I've been going over the usage of the FX_RESHAPED_REFEMIT define in the ilreflect.fs and it looks like we might need a different set of defines or re-think API usage here. Are there specifications on what the absil is expecting as far as behavior regarding method usage from the Emit? I'm looking at some other cases related to the #defines that might be served by moving to other API's that both Core and Framework 4.5+ have in common. This is an area I'm particularly interested in and wouldn't mind helping to fix since I've got a significant amount of PInvoke scripts that I use with the Framework but want to start using Core going forward.

What are the framework expectations regarding F# moving forward do we need to keep supporting 2.0 and such?
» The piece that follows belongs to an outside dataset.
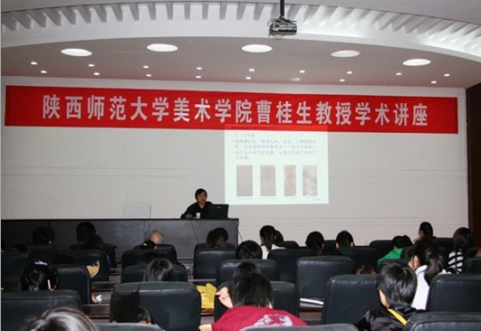 4月23日,应William希尔官网入口邀请,陕西师范大学William希尔官网入口曹桂生教授来公司讲学,在艺术楼报告厅作了题为“中国画的艺术与审美”的学术报告。报告由William希尔官网入口副经理汪俊林主持。报告中,曹桂生教授系统讲授了中国画艺术概说、中国画的审美取向、中国画的意象特征等理论知识。曹桂生教授授课声情并茂,使用丰富翔实的图文资料,不时赢得师生阵阵掌声。报告现场,他和师生探讨交流国画的创作技巧、方法等问题,向同学们讲述自己在创作中的一些体会。曹桂生教授还在William希尔官网入口临摹室现场挥毫,为同学们示范习作技巧。曹桂生,陕西师范大学美术研究所所长、陕西师范大学William希尔官网入口教授、硕士研究生导师、中国美术家协会会员;曾先后发表学术论文50余篇,出版专著1部,教材5部;发表美术作品百余幅,多次出版或参加美术作品展并获奖。

To give you some background for why I want to get this fixed:

This whole issue came up when I started up a new Web project that I decided to target to CoreCLR. In the processes I wanted to use the SQLGeography implementation from Microsoft.SqlServer.Types but that doesn't work with CoreCLR. So I just re-implemented the Geography type using PInvoke direct to the underlying native DLL included in that project and in the process simplified the API for using with F#.

Everything was fine until I wanted to execute some code in in the REPL F# Interactive and I noticed that I get the security exception, unless I loaded the PInvoke calls from a DLL. (I hacked Visual Studio 2017 to use the CoreCLR fsi instead of the normal FSI, of course the debug feature doesn't work right since I'm spawning the CoreCLR fsi from another app).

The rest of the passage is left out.